WORK REQUIRED »
Extract the lines from the first one in the records below through the line containing "MGH Institute of", keeping both ends and leaving out any pictures.

Records from a data collection »
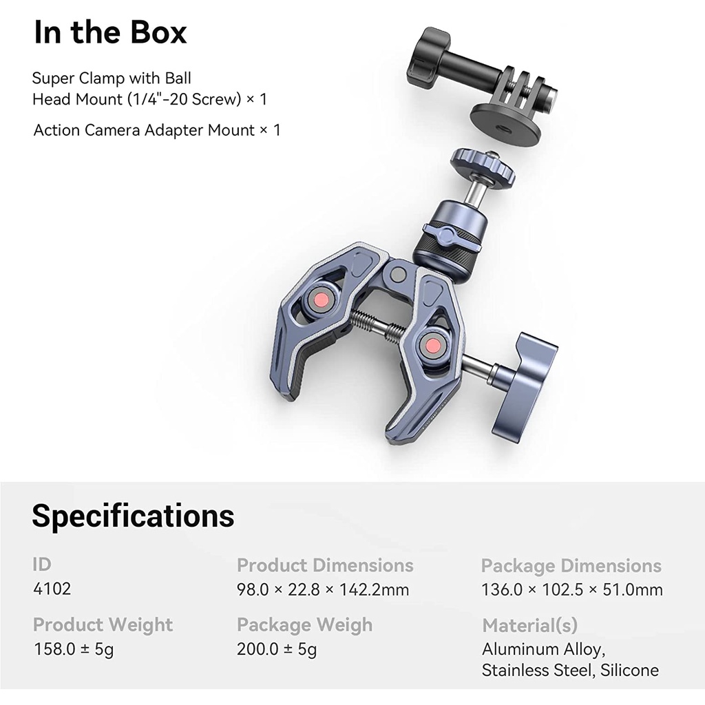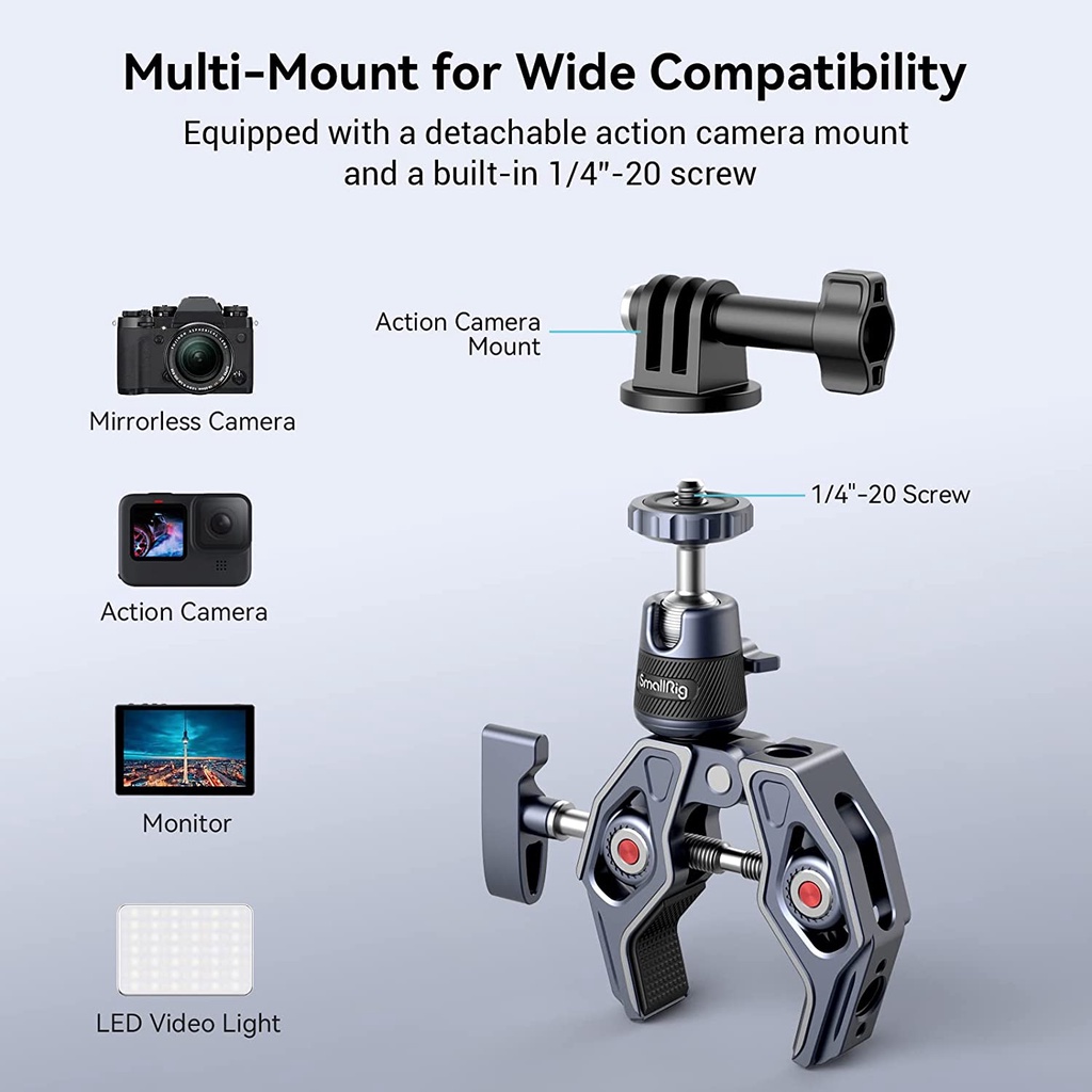 SMALLRIG Super Clamp with Ballhead, Camera Mount Clamp, Quick Release Adapter for Gopro, Camera Monitor, LED Light, Max Load 3.5KG - 4102
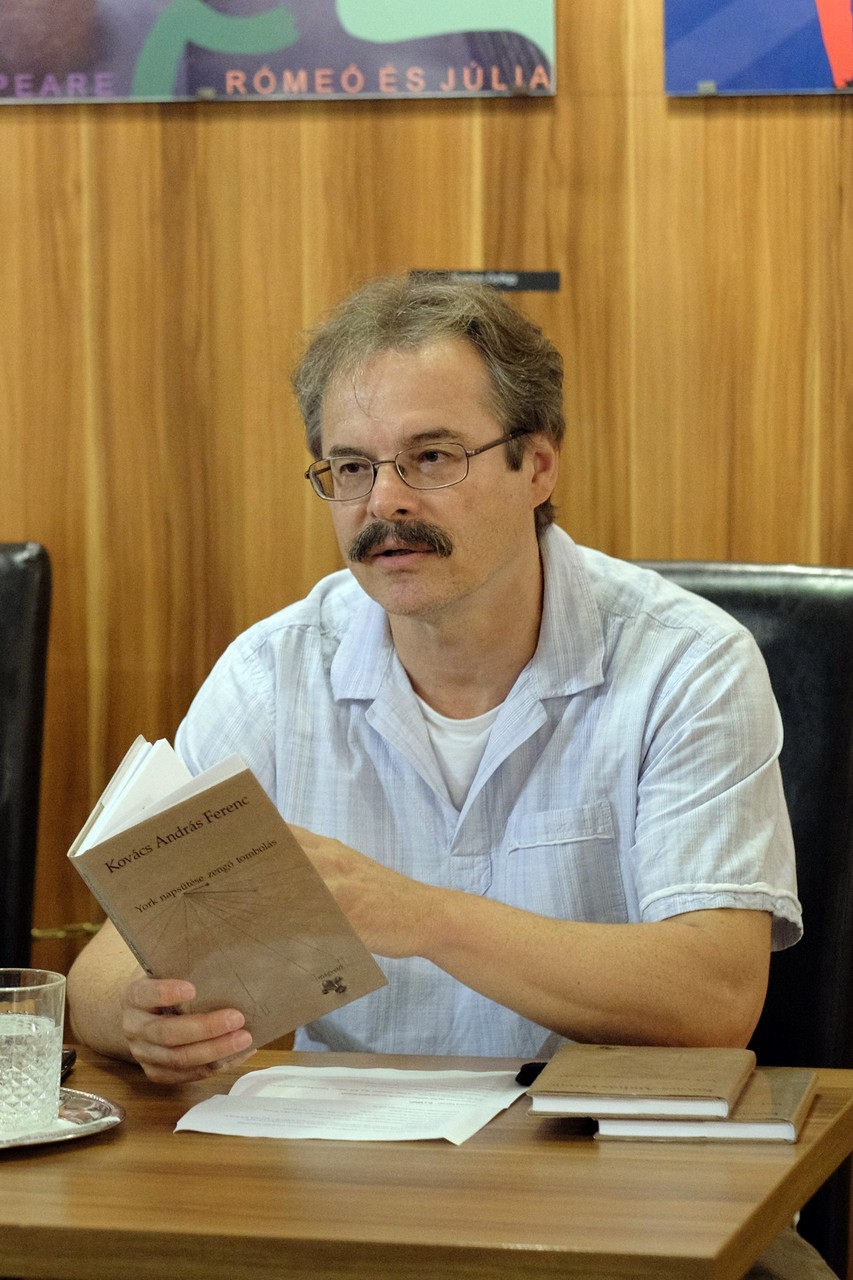 - Ez pedig máris megindokolja, hogy idén Kovács András Ferencnél miért is nem találhattunk volna alkalmasabb vendéget - jegyezte meg Elek Tibor, aki a korábbi években már Esterházy Pétert, Szőcs Gézát, Bereményi Gézát, Varró Dánielt, Nádasdy Ádámot és Márton Lászlót is vendégül látta a kamarateremben.
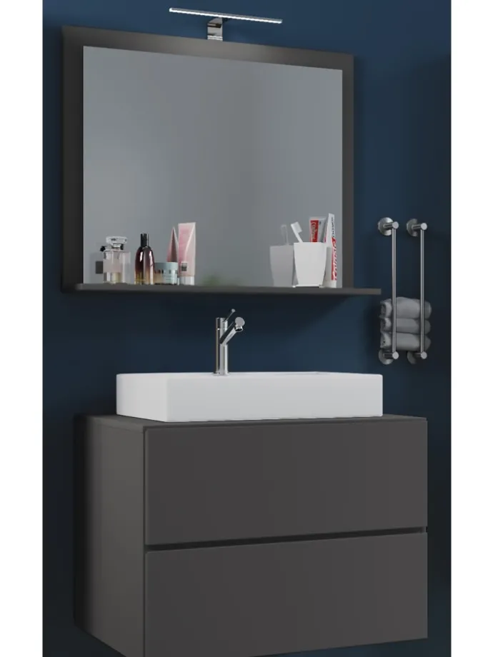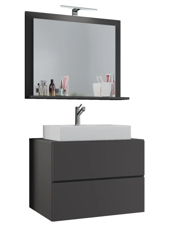 – Set: 1 Unterschrank mit 2 Schubladen, 1 Waschbecken, 1 Spiegel
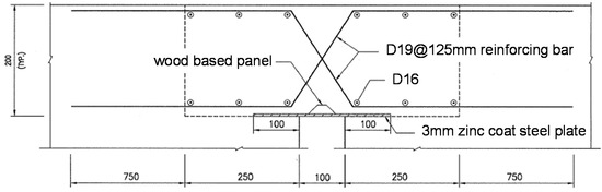 - Steel reinforcement configuration: 2-D19@12.5 cm
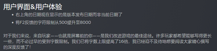 除了扩大字符限制,官方还在更新日志开头特意呼吁玩家多使用F2反馈工具,强调这些反馈在指引游戏开发方向上起到了至关重要的作用。对于玩家反馈的语言问题,官方也给出了包容的态度,直言“不论读起来多么困难,我都希望能看到更多的F2反馈”,打消了玩家因语言表达顾虑而不愿提交意见的念头。
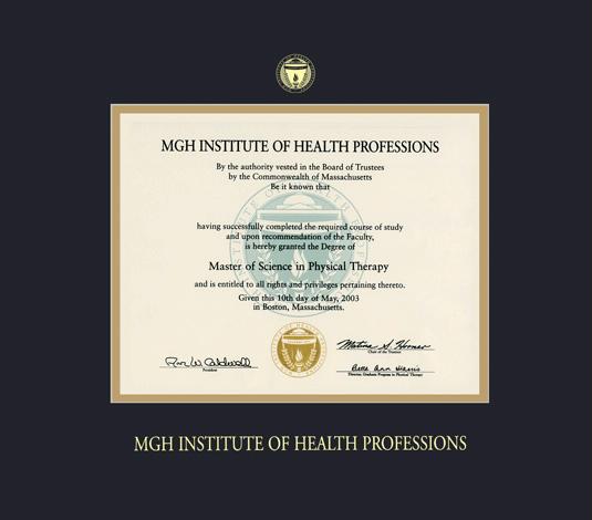 MGH Institute of Health Professions Certificate of Advanced Study (9/09 to Present) and Bachelor/Master (Pre 9/09) Frame with Black and Gold Double Mat and Gold Embossing
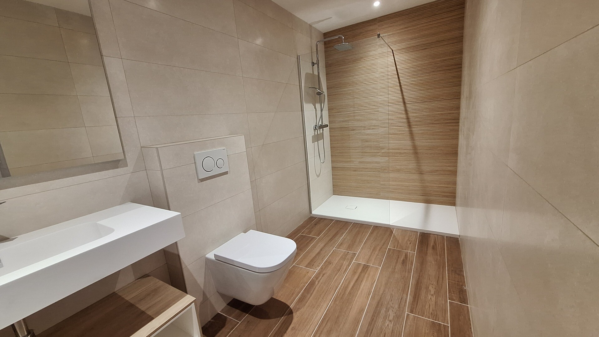 Dormitorul principal include o baie privată elegantă, care oferă o cadă cu vedere frumoasă și un duș spațios, în timp ce celelalte dormitoare oferă și acces direct la băi moderne.
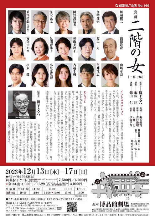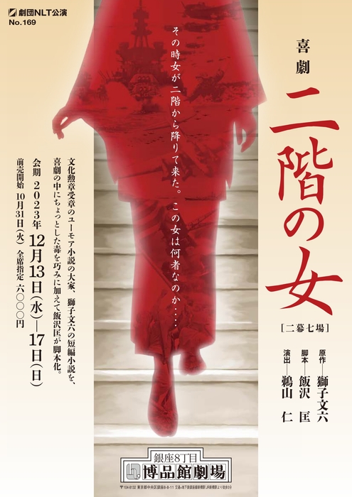 劇団NLT(東京都新宿区、代表:川端槇二)主催、『喜劇 二階の女』が2023年12月13日 (水) ~2023年12月17日 (日)に博品館劇場(東京都中央区銀座8-8-11)にて上演されます。
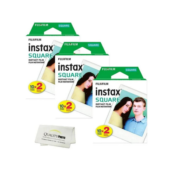Fujifilm Instax Square Instant Film - 20 Exposures - for use with The Fujifilm instax Square Instant Camera + Quality Photo Microfiber Cloth

SOLUTION FOR THIS PROBLEM »
 SMALLRIG Super Clamp with Ballhead, Camera Mount Clamp, Quick Release Adapter for Gopro, Camera Monitor, LED Light, Max Load 3.5KG - 4102
 - Ez pedig máris megindokolja, hogy idén Kovács András Ferencnél miért is nem találhattunk volna alkalmasabb vendéget - jegyezte meg Elek Tibor, aki a korábbi években már Esterházy Pétert, Szőcs Gézát, Bereményi Gézát, Varró Dánielt, Nádasdy Ádámot és Márton Lászlót is vendégül látta a kamarateremben.
 – Set: 1 Unterschrank mit 2 Schubladen, 1 Waschbecken, 1 Spiegel
 - Steel reinforcement configuration: 2-D19@12.5 cm
 除了扩大字符限制,官方还在更新日志开头特意呼吁玩家多使用F2反馈工具,强调这些反馈在指引游戏开发方向上起到了至关重要的作用。对于玩家反馈的语言问题,官方也给出了包容的态度,直言“不论读起来多么困难,我都希望能看到更多的F2反馈”,打消了玩家因语言表达顾虑而不愿提交意见的念头。
 MGH Institute of Health Professions Certificate of Advanced Study (9/09 to Present) and Bachelor/Master (Pre 9/09) Frame with Black and Gold Double Mat and Gold Embossing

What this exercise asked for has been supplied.